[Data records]
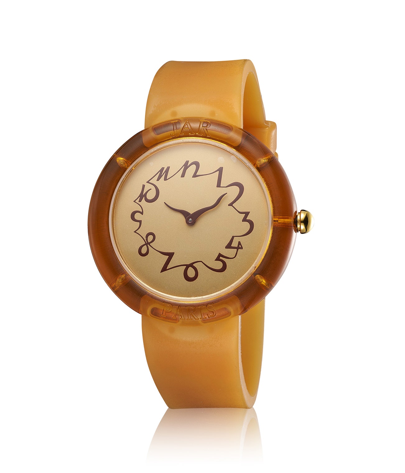 Of quartz movement, champagne dial, Arabic numerals, Perspex bezel, orange silicone strap, gold plated buckle, diameter 40mm, length approximately 230mm, bezel, caseback and buckle signed JAR, numbered, box stamped JAR and The Metropolitan Museum of Art.
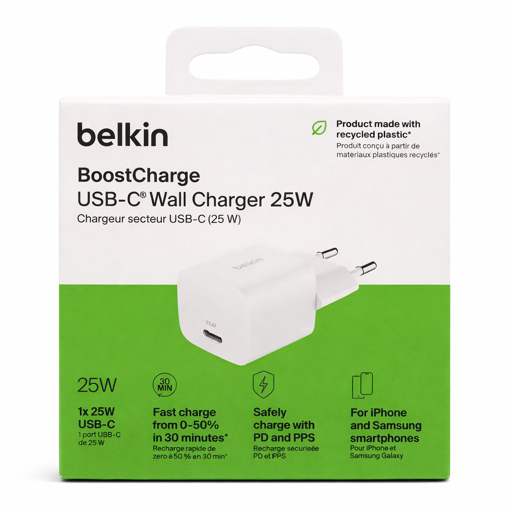 Optez pour la performance et la fiabilité avec le chargeur secteur USB-C 25W Belkin BoostCharge. Conçu pour offrir une recharge rapide et sécurisée, il alimente efficacement vos appareils compatibles à la maison, au bureau ou en déplacement.
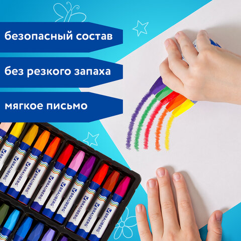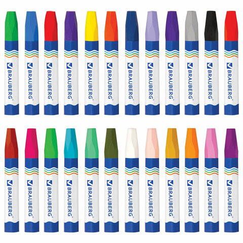 Восковые мелки утолщенные BRAUBERG, НАБОР 24 цвета, на масляной основе, яркие цвета, 222972
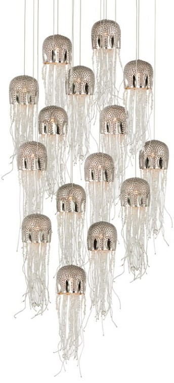 The Medusa Round 15-Light Multi-Drop Pendant effervesces with echoes of the deep sea. Beads cascading from its dimpled shades in a nickel finish mimic the profile of a jellyfish, one of nature’s most mysterious creatures.Read More
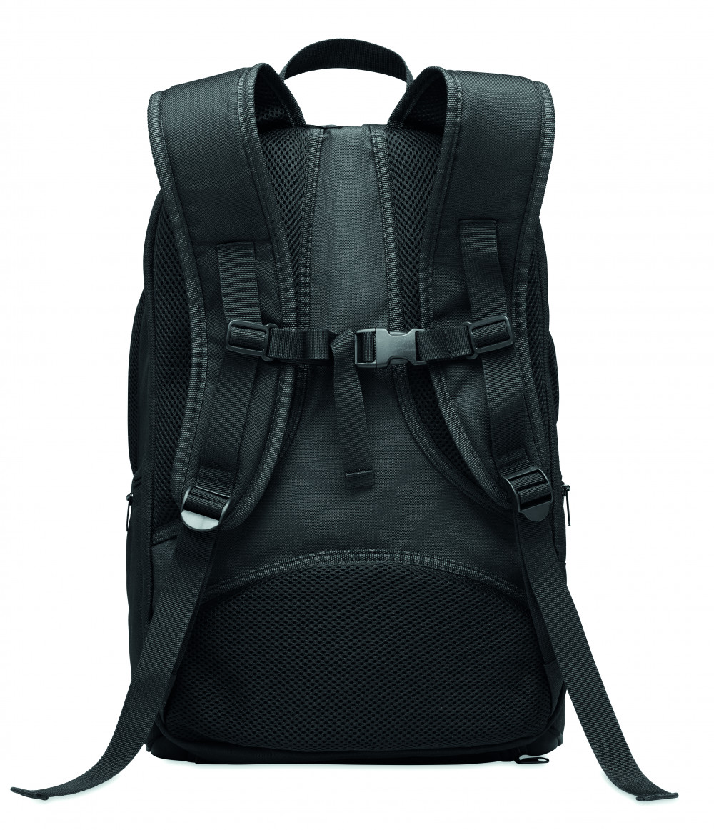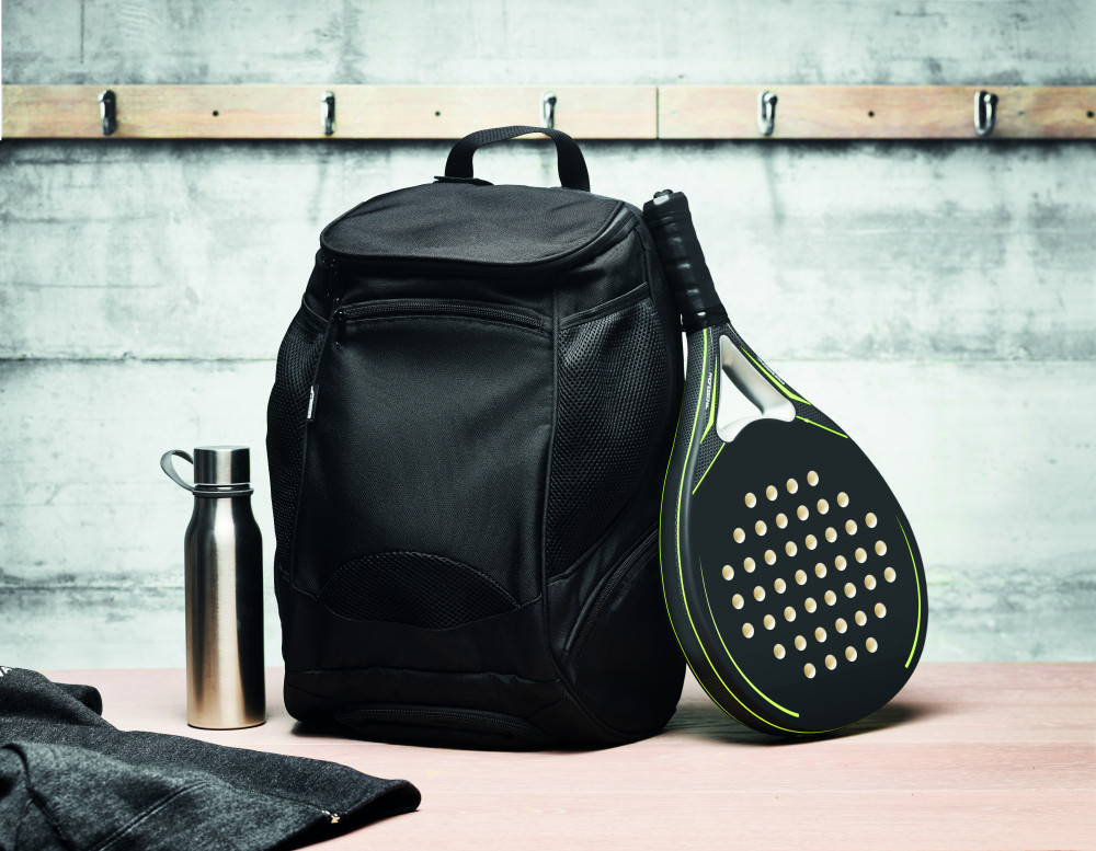 600D RPET többfunkciós sport hátitáska több rekesszel, többek között padel ütő tárolására alkalmas párnázott résszel, valamint állítható vállpánttal.
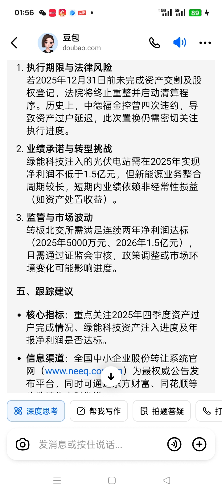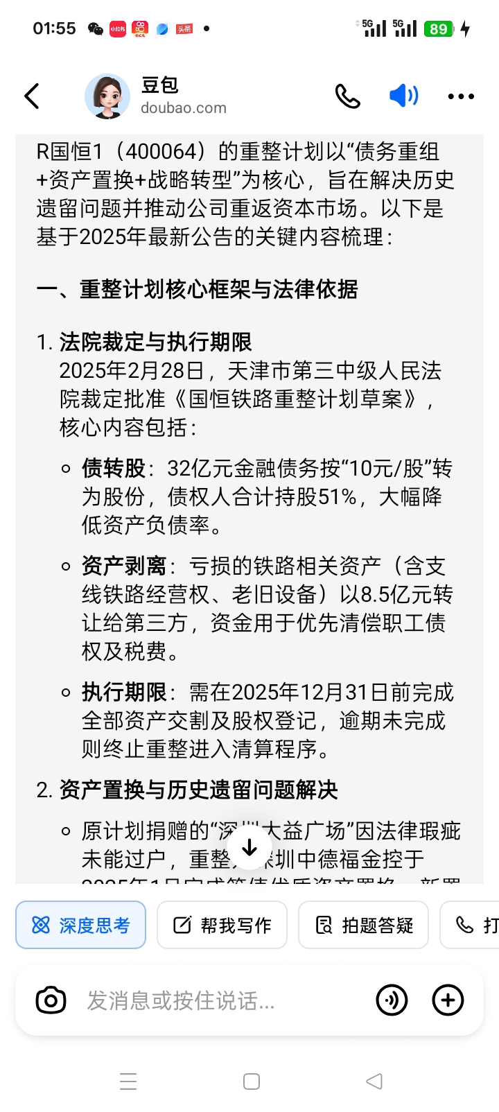 $R国恒1(SZ400064)$ 关键在于2025年12月31日前,资产整理过户情况并及时公告。
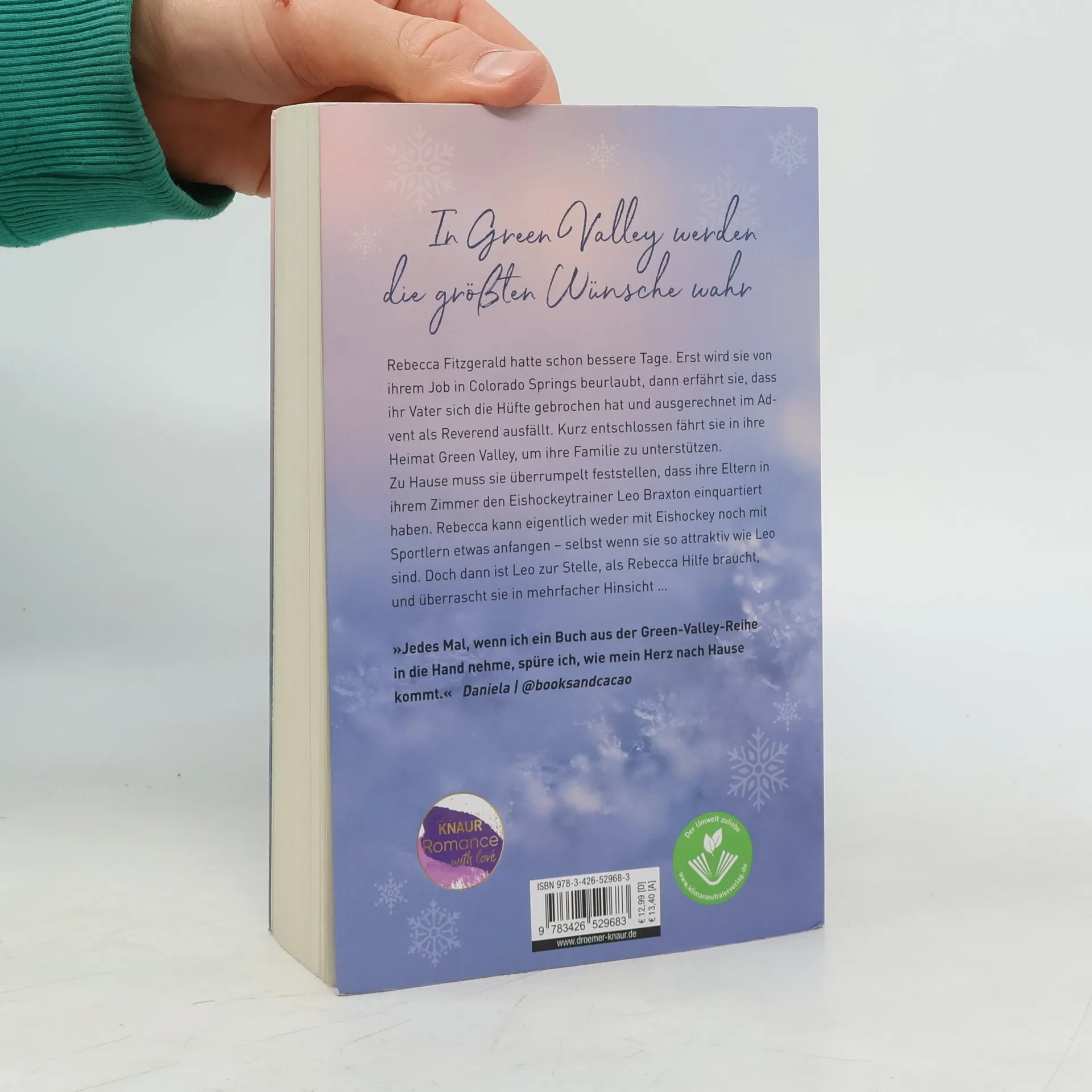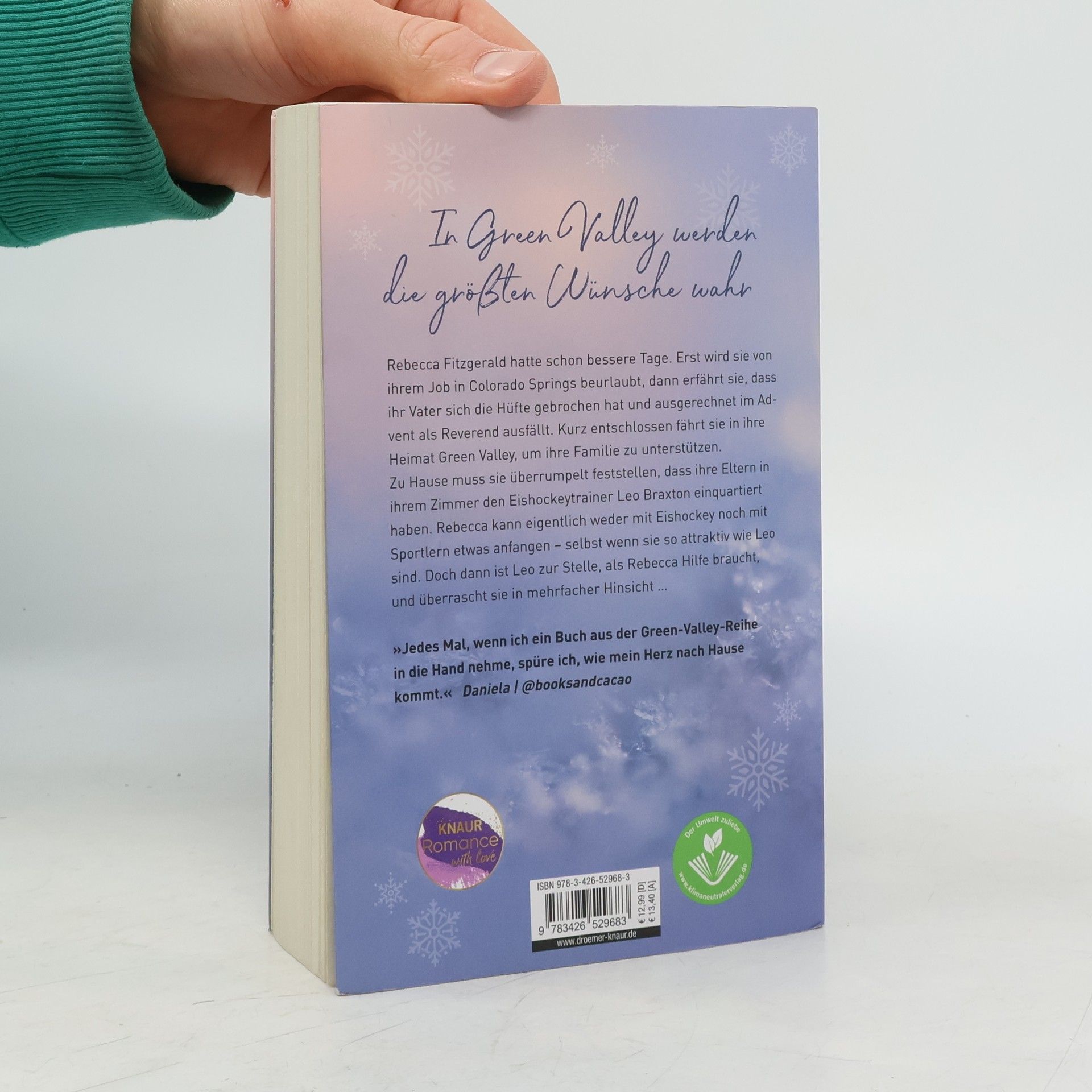 Cozy, romantisch und herzerwärmend: In ihrem neuen Liebesroman entführt Bestseller-Autorin Lilly Lucas erneut nach Green Valley, wo Rebecca Fitzgeralds Leben auf den Kopf gestellt wird. Nach einer Beurlaubung von ihrem Job in Colorado Springs und der Nachricht über die Verletzung ihres Vaters, der im Advent als Reverend ausfällt, kehrt sie in ihre Heimat zurück, um ihre Familie zu unterstützen. Dort trifft sie überraschend auf Leo Braxton, den Eishockeytrainer, der in ihrem Zimmer untergebracht ist. Obwohl Rebecca mit Eishockey und Sportlern wenig anfangen kann, wird Leo für sie zur unerwarteten Unterstützung in schwierigen Zeiten. Die idyllische Kleinstadt in den Rocky Mountains bietet in der Weihnachtszeit eine traumhafte Kulisse. Diese Geschichte ist ideal für Fans romantischer Liebesgeschichten und Winterromane, die eine herzerwärmende Erzählung suchen. Die Green-Valley-Reihe umfasst mehrere New-Adult-Liebesromane, die unabhängig voneinander gelesen werden können, darunter die Geschichten von Lena & Ryan, Izzy & Will, Elara & Noah, Annie & Cole, Leonie & Sam sowie ein Kurzroman über Sarah & Grayson.
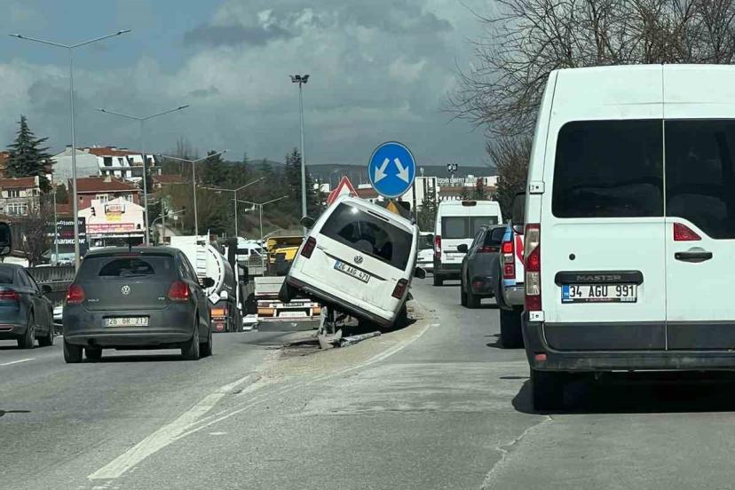 Olay, Eskişehir çevreyolu Esentepe dönüş varyantında meydana geldi. Edinilen bilgilere göre, 26 AAG 471 plakalı hafif ticari araç, seyir halindeyken Prof. Dr. Orhan Oğuz altgeçidi girişinde henüz bilinmeyen bir sebeple yol ayrımında bulunan bariyerlere çarptı. Çarpmanın etkisiyle araç, bariyerlerin üzerine çıkarak askıda kaldı.
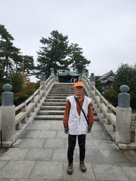 由第74番甲山寺前往善通寺.騎48縣道.也只有2.5公里.善通寺在善通寺市的市區.這是善通寺停車場.通往寺院的參道路橋.
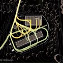 Al consolidar los diversos elementos programáticos en dos grandes edificios de graneros y un silo de granos (para minimizar las huellas de los edificios), la mayoría del sitio se asigna a los requisitos de circulación y acceso de equipos agrícolas a gran escala.
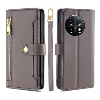 Για OnePlus 11 φερμουάρ τσάντα δερμάτινη θήκη τηλεφώνου (καφέ)
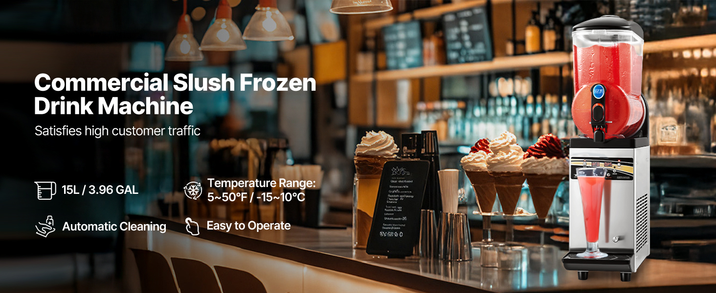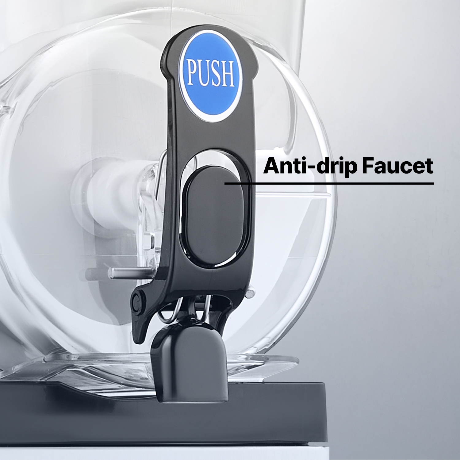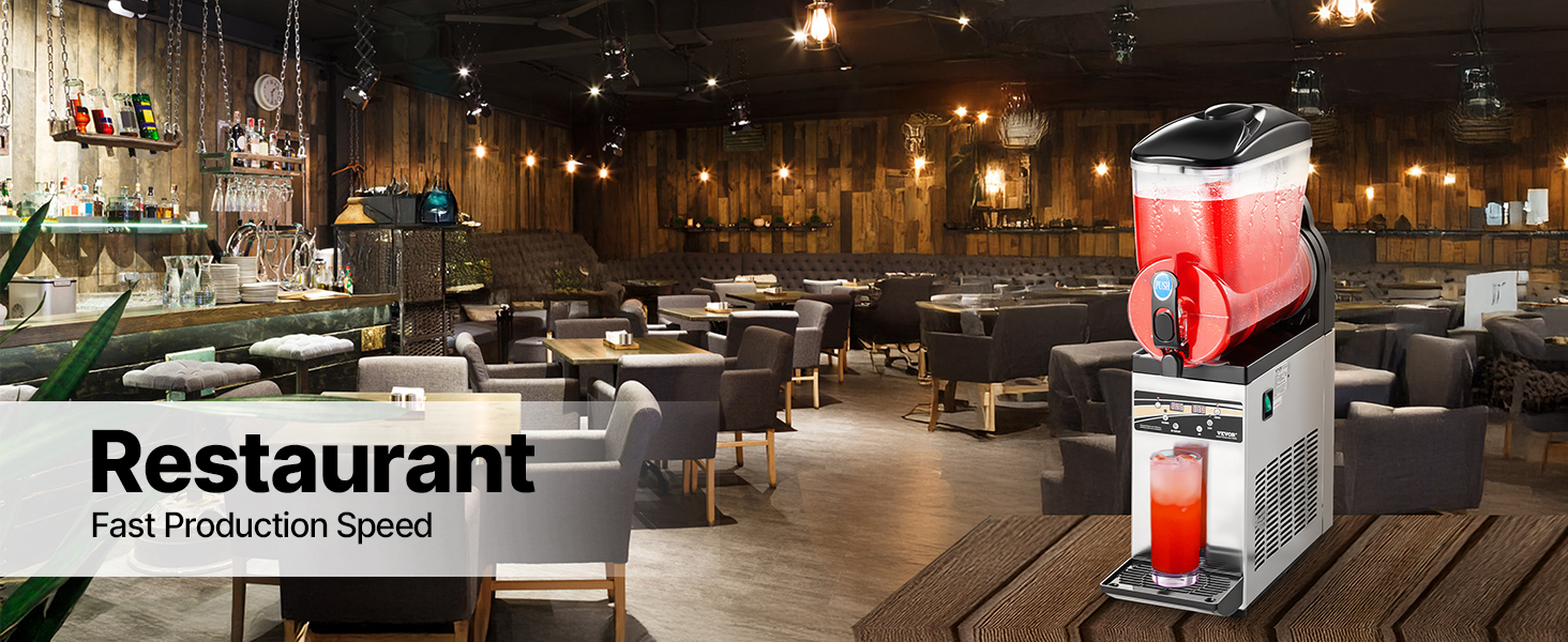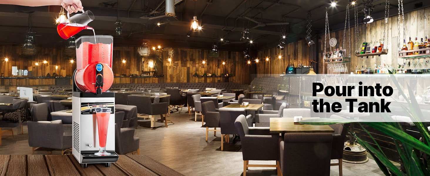 - Serbatoio singolo da 15 litri: il serbatoio trasparente presenta bevande colorate ed è quindi ideale per gelaterie, ristoranti di hamburger, caffè, bar e altri esercizi commerciali.
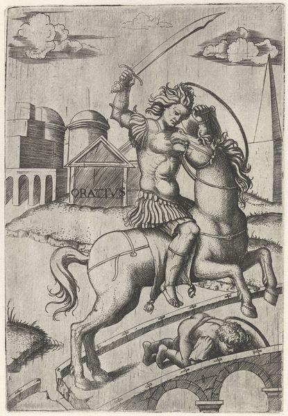 This print, made by Marcantonio Raimondi around 1515, shows Horatius Cocles on horseback, in the process of trampling a fallen soldier. Raimondi was a master of engraving, a printmaking technique that involves incising an image into a metal plate, in this case likely copper, which is then inked and pressed onto paper. The medium lends itself to the sharp, precise lines that define the scene. Consider the labor involved: each line painstakingly carved into the metal, demanding both skill and patience. The process allowed for the mass production of images, playing a crucial role in disseminating artistic ideas and narratives, like this classical scene of military prowess. The texture of the paper, the weight of the ink, and the overall composition contribute to the print's visual impact. By understanding the materials and processes, we appreciate not only the artistry but also the social and cultural context in which it was produced.
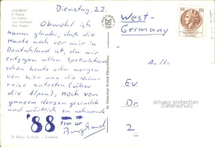 old postcard Livorno Hafen postalisch gelaufen Erhaltung siehe scans

◆ Requirement
From the records above, transcribe only the stretch from the line with "Восковые мелки утолщенные" through the line with "The Medusa Round", keeping both ends. Omit pictures.

◆ Task answer
 Восковые мелки утолщенные BRAUBERG, НАБОР 24 цвета, на масляной основе, яркие цвета, 222972
 The Medusa Round 15-Light Multi-Drop Pendant effervesces with echoes of the deep sea. Beads cascading from its dimpled shades in a nickel finish mimic the profile of a jellyfish, one of nature’s most mysterious creatures.Read More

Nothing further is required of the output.